- I have lived in California twice. My mom's family moved there was one reason, and my dad was offered a job was the other. It's where I started Kindergarten and then Junior High.
- Due to those moves, I was in three different kindergarten classes, two junior highs and two high schools.
- Even though I have moved often, I am still a reserved person. Once I get to know you, though, I will talk your ears off!
- I LOVE home remodels! I have only one room to go!
- The first thing I thought about Hubby when we met was that he had beautiful blue eyes. Then he started talking. That led to the second thing I liked about Hubby. I thought 'He has a career. And money.' (He knows this.) My 2+ year relationship had just broken up, so I came up with 'criteria' for the next guy I dated. He had to be at least 3 years older than me, education equal to or more than me, have a career, and have blue eyes (I have brown and just love blue eyes!) I know this all sounds snooty, but I had been in multiple relationships where I was older and felt like I had to make all the decisions about things. In both of my 2+ year relationships, the men and I had different interests. We were just different people. Both guys and I believed it was because we had different backgrounds. Gosh, it still sounds snooty!
- For most of my life I never imagined being a SAHM. When I was in my sophomore year of college, I believe I uttered these words. "Why go to college if all you're going to do is stay home. Hear me laugh now about the 'all' part. In my defense, my mom was a working mom. Part-time and then Full-time when we got older, so I just expected that I would do the same.

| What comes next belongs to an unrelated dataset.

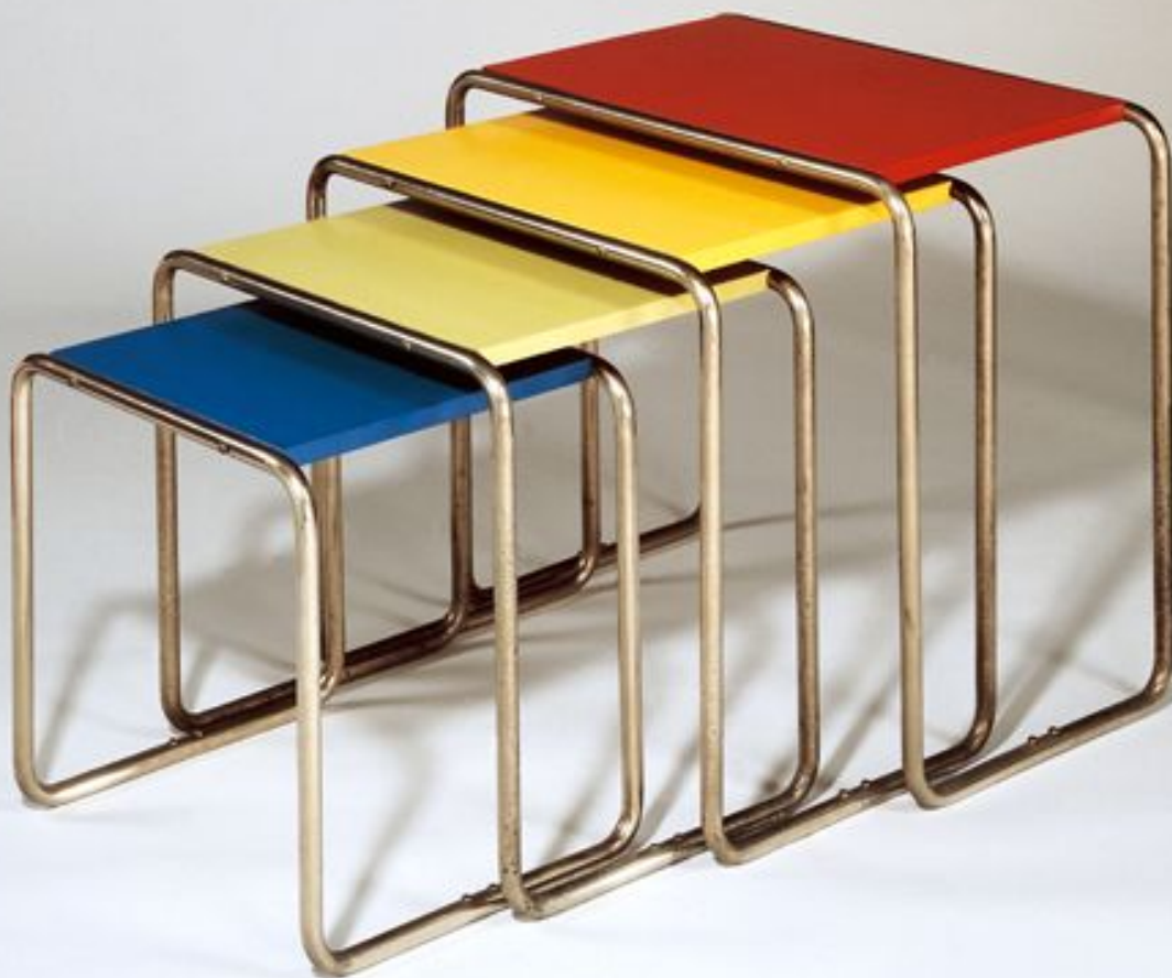
Марсель Бройер (Marcel Breuer) — столики- табуретк и, 1925 год

- I do worry that my kids may become my life. That after they grow up I won't know what to do with myself. I worry about not being able to get back in the workforce. And I especially don't want to be like a few of my mom's friends who were SAHMs. Their lives were their kids, so when the kids grew up and had children of their own, they babysat them. Also, one in particular defined herself by kids. If one got a better grade, we had to hear about it. If they got something nice, like a pool, we had to hear about it. Everything of theirs was always better. They always were competing to be the best. I just wanted to be me, so this made me not want to be friends with their daughter.